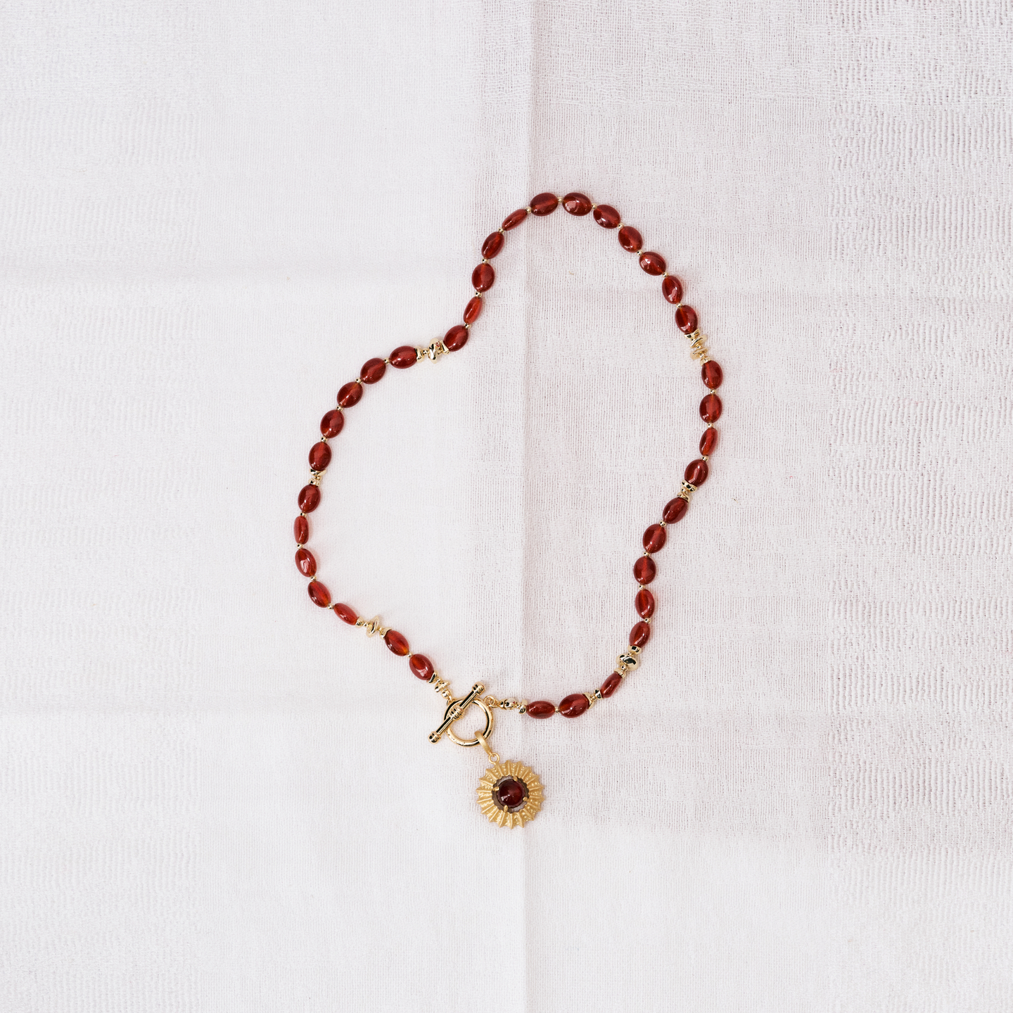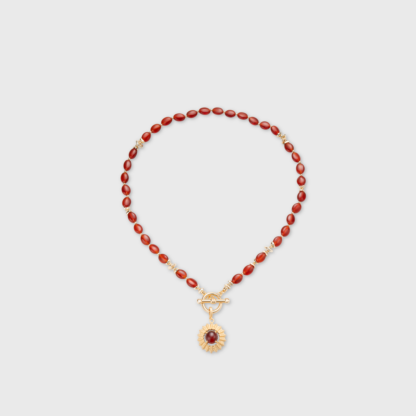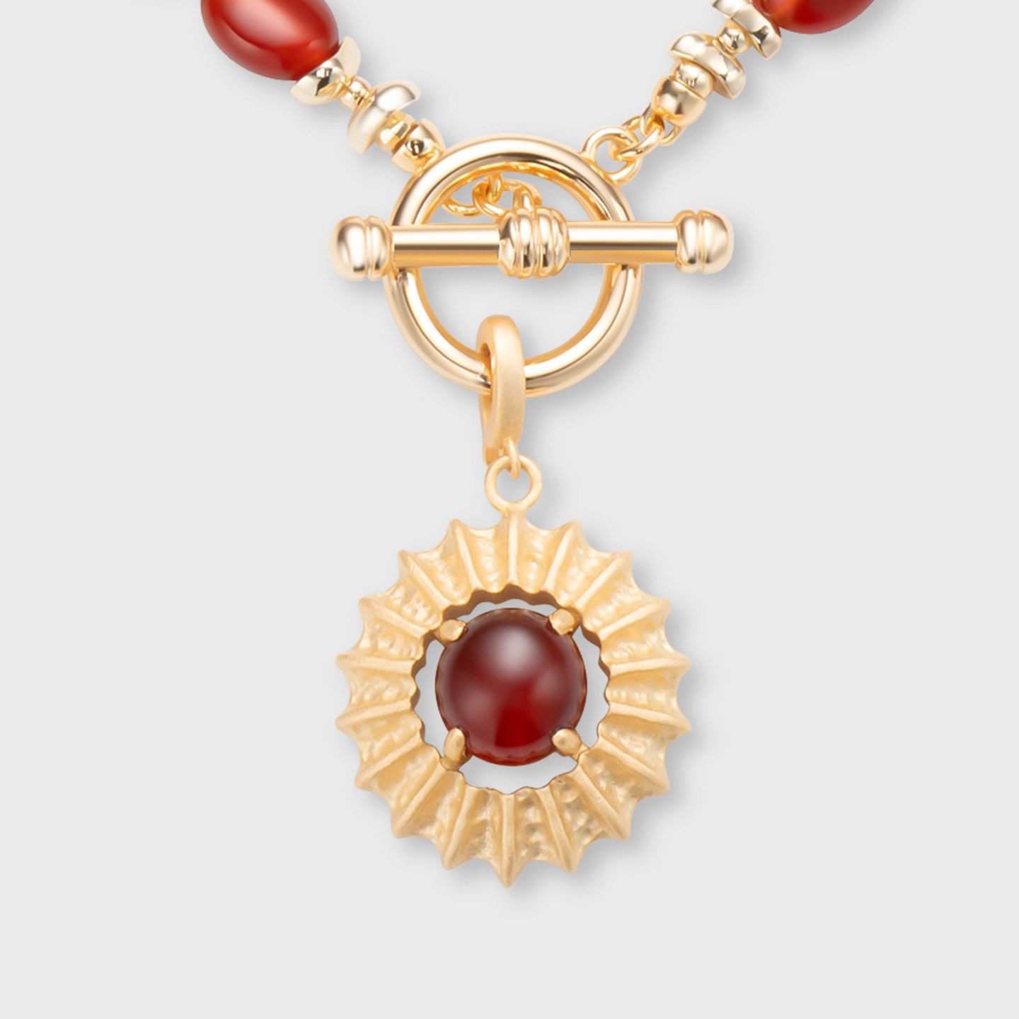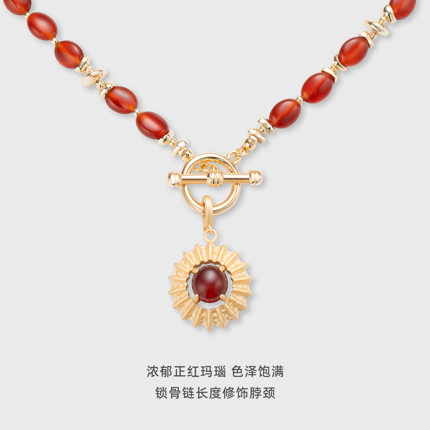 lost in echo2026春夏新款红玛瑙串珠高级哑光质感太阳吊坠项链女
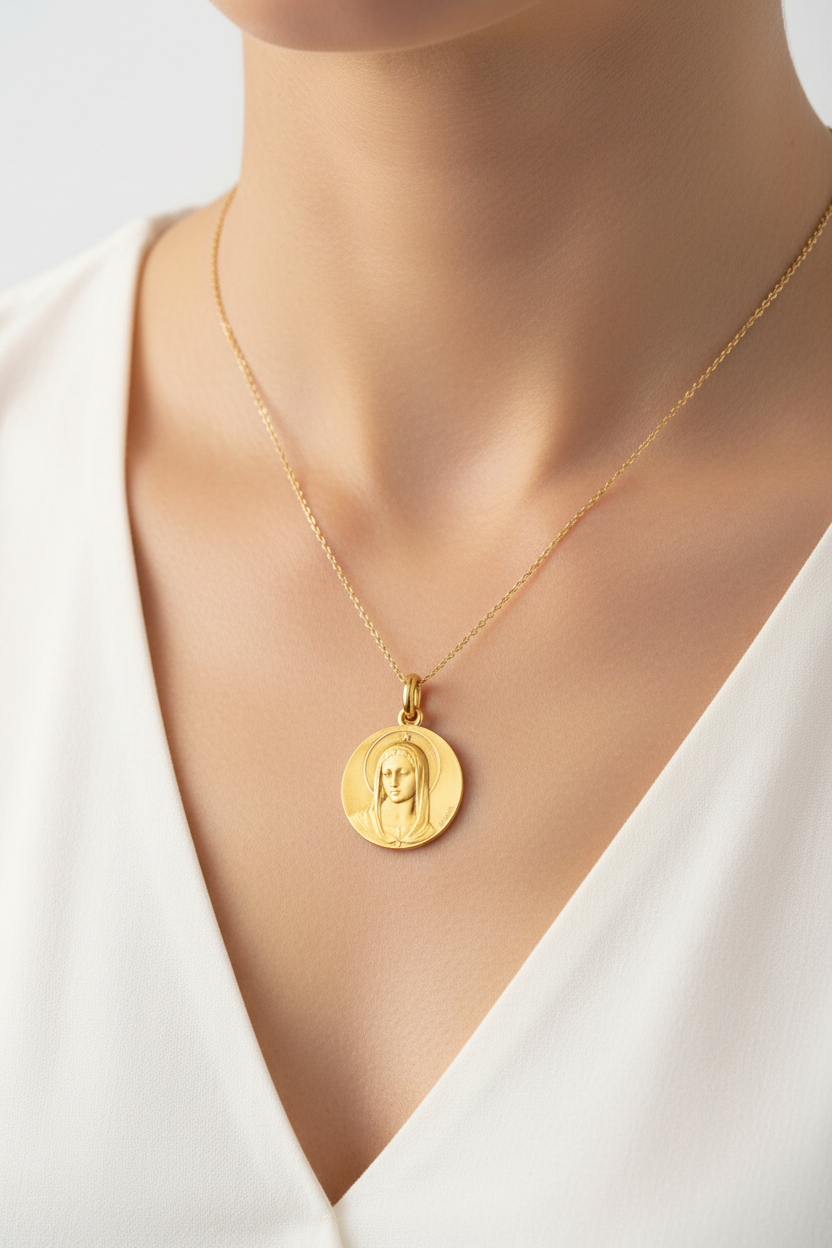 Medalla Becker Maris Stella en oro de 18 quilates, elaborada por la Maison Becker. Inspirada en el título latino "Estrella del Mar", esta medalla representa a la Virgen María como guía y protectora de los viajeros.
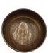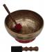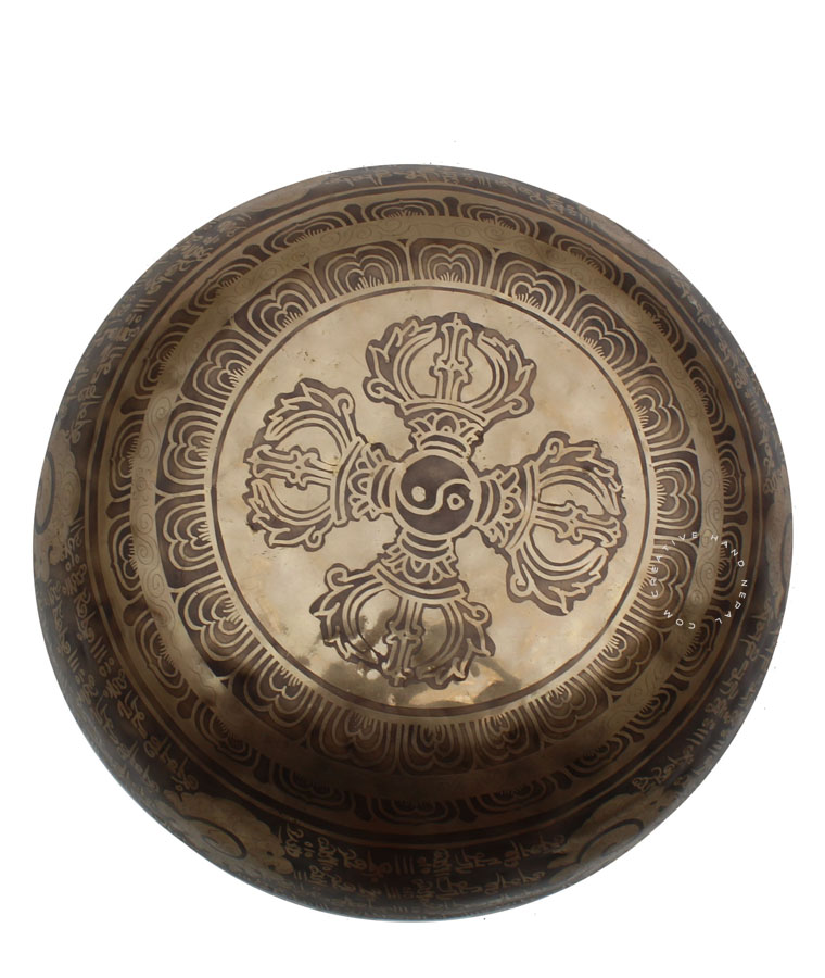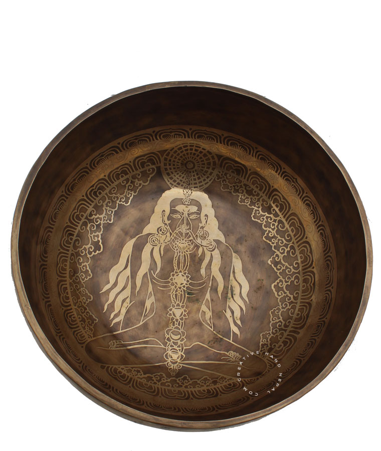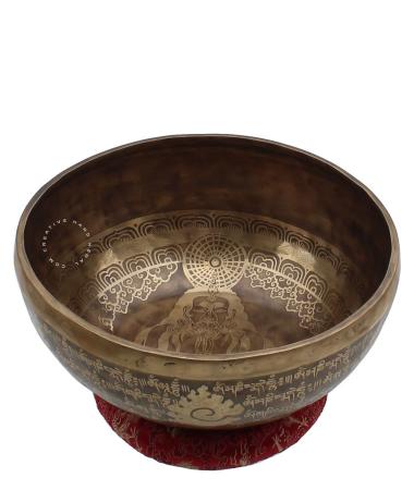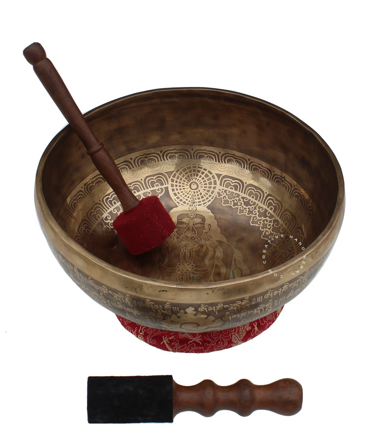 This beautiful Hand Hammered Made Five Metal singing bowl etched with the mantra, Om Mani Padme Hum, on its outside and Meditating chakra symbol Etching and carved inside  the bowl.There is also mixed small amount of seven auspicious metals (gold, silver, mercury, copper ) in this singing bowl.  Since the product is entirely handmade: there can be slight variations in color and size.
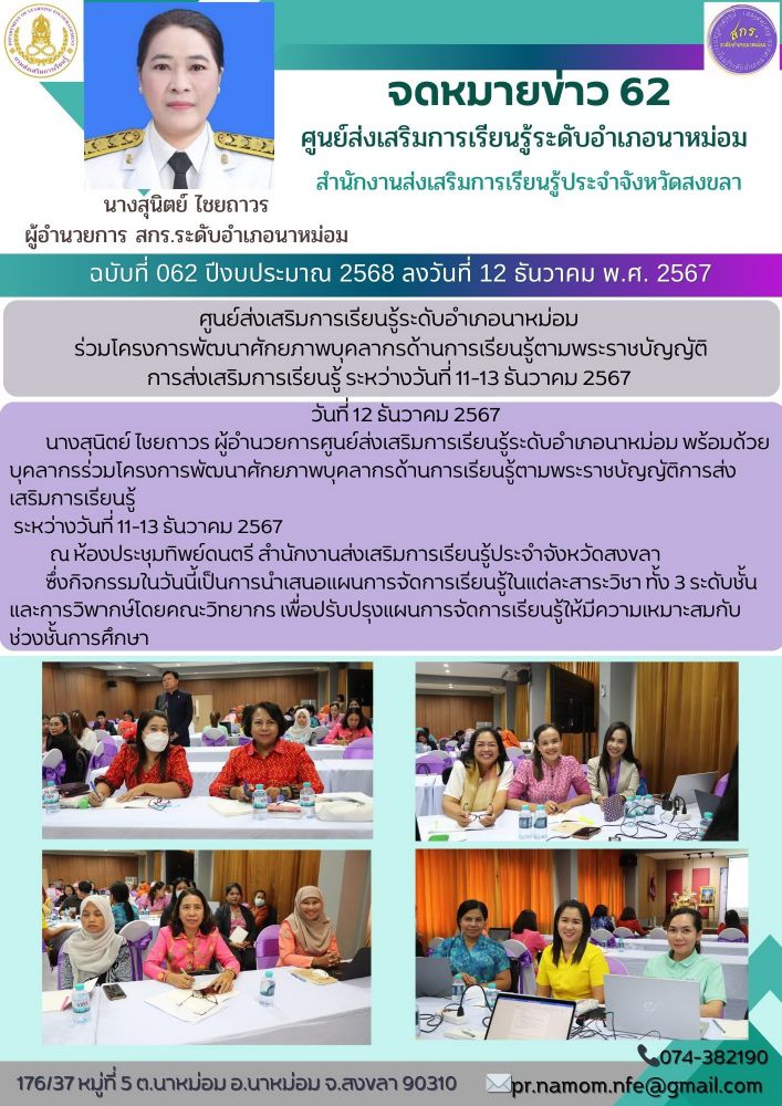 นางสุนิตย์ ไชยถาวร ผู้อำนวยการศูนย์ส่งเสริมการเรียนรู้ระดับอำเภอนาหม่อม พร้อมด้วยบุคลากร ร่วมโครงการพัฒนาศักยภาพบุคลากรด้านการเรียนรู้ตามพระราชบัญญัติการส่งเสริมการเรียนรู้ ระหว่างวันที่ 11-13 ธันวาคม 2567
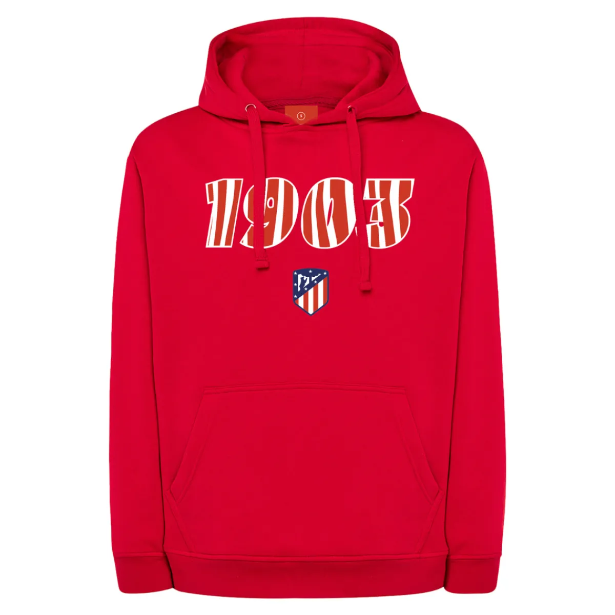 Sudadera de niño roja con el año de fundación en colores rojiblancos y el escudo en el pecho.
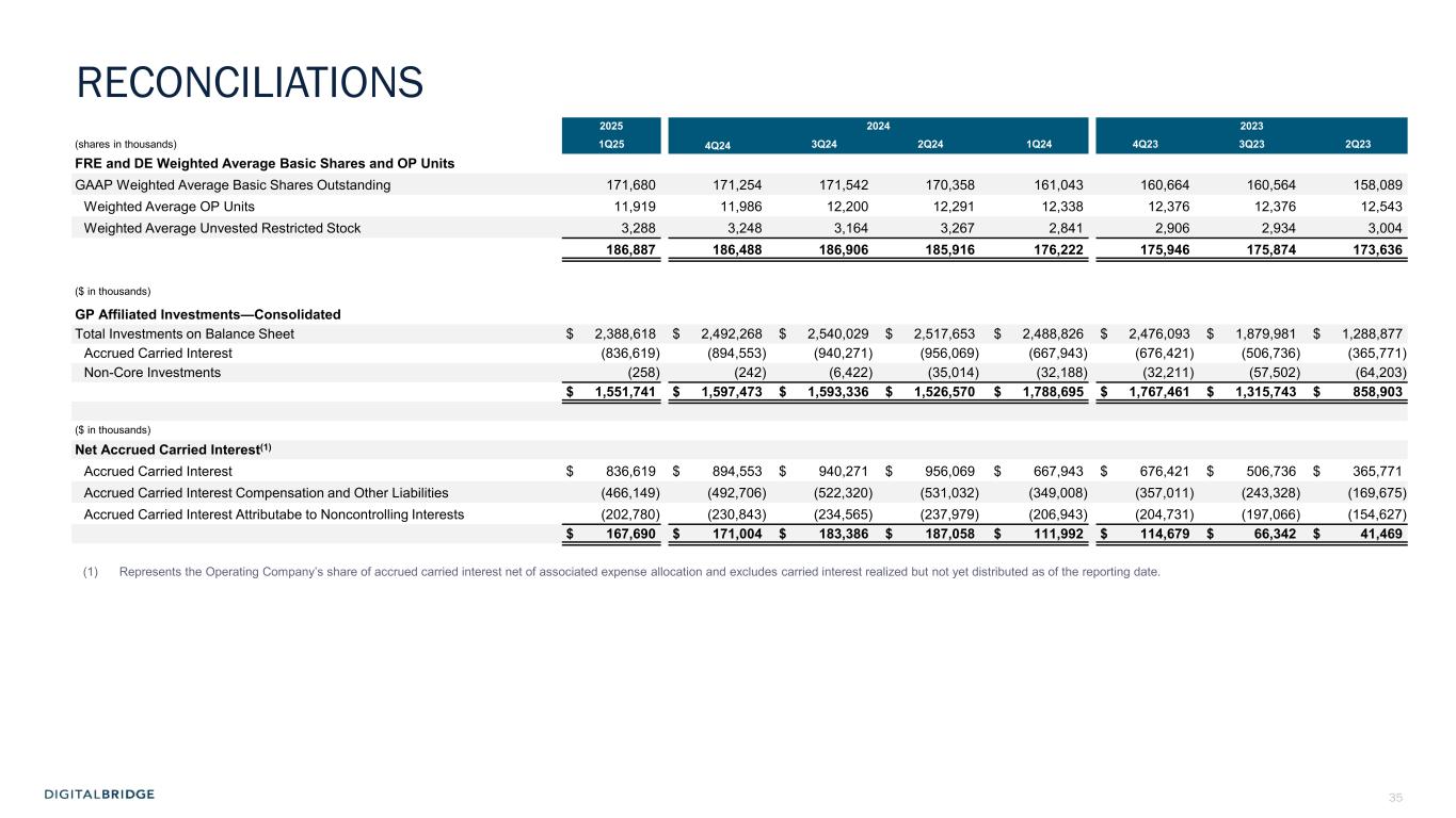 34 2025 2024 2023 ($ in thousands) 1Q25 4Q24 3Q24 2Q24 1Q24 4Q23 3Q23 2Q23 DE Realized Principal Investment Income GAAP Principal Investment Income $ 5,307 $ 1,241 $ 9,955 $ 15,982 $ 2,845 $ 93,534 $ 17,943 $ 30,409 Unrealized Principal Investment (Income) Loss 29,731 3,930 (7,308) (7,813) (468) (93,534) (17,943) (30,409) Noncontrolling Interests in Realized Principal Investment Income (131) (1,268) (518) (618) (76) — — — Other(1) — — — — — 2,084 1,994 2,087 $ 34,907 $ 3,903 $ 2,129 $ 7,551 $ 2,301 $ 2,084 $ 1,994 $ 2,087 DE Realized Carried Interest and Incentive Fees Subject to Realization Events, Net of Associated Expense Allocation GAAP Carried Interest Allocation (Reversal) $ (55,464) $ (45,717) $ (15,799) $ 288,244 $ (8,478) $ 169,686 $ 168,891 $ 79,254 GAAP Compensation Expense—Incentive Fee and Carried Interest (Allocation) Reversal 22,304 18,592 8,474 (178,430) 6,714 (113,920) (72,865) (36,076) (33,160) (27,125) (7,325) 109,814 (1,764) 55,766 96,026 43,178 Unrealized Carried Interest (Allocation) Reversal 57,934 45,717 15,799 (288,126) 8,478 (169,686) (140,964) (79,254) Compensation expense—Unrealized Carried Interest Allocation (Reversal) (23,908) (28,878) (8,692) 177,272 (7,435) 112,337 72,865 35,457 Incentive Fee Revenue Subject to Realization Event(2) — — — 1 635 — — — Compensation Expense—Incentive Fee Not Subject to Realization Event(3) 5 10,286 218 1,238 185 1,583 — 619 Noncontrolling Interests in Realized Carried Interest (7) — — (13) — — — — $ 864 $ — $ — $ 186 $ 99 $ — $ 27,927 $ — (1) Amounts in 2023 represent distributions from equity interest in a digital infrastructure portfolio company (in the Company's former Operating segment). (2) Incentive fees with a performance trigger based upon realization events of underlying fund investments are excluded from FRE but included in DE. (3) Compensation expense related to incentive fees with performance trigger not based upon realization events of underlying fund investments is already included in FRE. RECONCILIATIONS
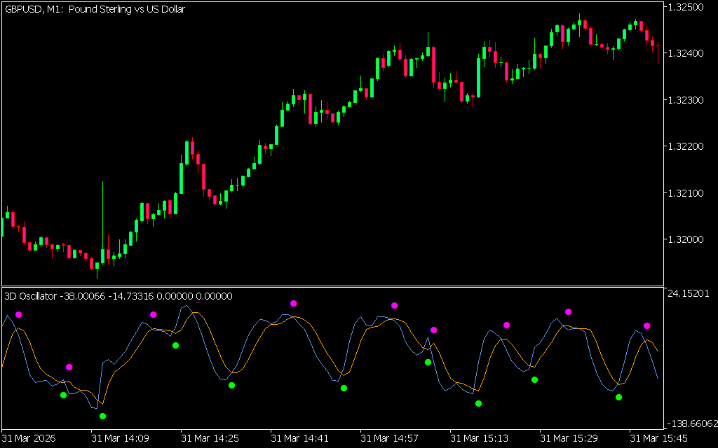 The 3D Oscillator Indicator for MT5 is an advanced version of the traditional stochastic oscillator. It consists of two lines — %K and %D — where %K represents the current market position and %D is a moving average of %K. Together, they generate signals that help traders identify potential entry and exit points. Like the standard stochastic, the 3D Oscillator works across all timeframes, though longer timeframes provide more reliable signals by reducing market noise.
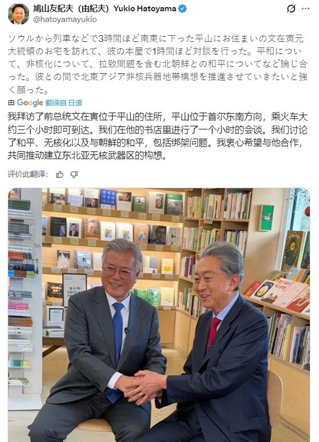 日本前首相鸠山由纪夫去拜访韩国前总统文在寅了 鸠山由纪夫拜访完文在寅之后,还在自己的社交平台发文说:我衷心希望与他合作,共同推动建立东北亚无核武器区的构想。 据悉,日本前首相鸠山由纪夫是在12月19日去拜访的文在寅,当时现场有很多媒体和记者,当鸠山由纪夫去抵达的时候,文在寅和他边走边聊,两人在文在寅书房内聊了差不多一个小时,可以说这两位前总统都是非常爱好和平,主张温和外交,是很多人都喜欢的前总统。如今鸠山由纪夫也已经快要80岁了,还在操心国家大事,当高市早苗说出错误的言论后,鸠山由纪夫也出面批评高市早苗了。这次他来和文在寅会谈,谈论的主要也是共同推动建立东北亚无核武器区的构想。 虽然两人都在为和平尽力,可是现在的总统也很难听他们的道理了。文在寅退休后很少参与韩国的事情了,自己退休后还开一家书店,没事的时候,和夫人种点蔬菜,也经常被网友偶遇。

- **Task prompt**:
Could you write out exactly the lines of the data above that run from the one holding "11-13 ธันวาคม 2567" to the one holding "Sudadera de niño", with both ends in and all pictures out?

- **Task solution**:
 นางสุนิตย์ ไชยถาวร ผู้อำนวยการศูนย์ส่งเสริมการเรียนรู้ระดับอำเภอนาหม่อม พร้อมด้วยบุคลากร ร่วมโครงการพัฒนาศักยภาพบุคลากรด้านการเรียนรู้ตามพระราชบัญญัติการส่งเสริมการเรียนรู้ ระหว่างวันที่ 11-13 ธันวาคม 2567
 Sudadera de niño roja con el año de fundación en colores rojiblancos y el escudo en el pecho.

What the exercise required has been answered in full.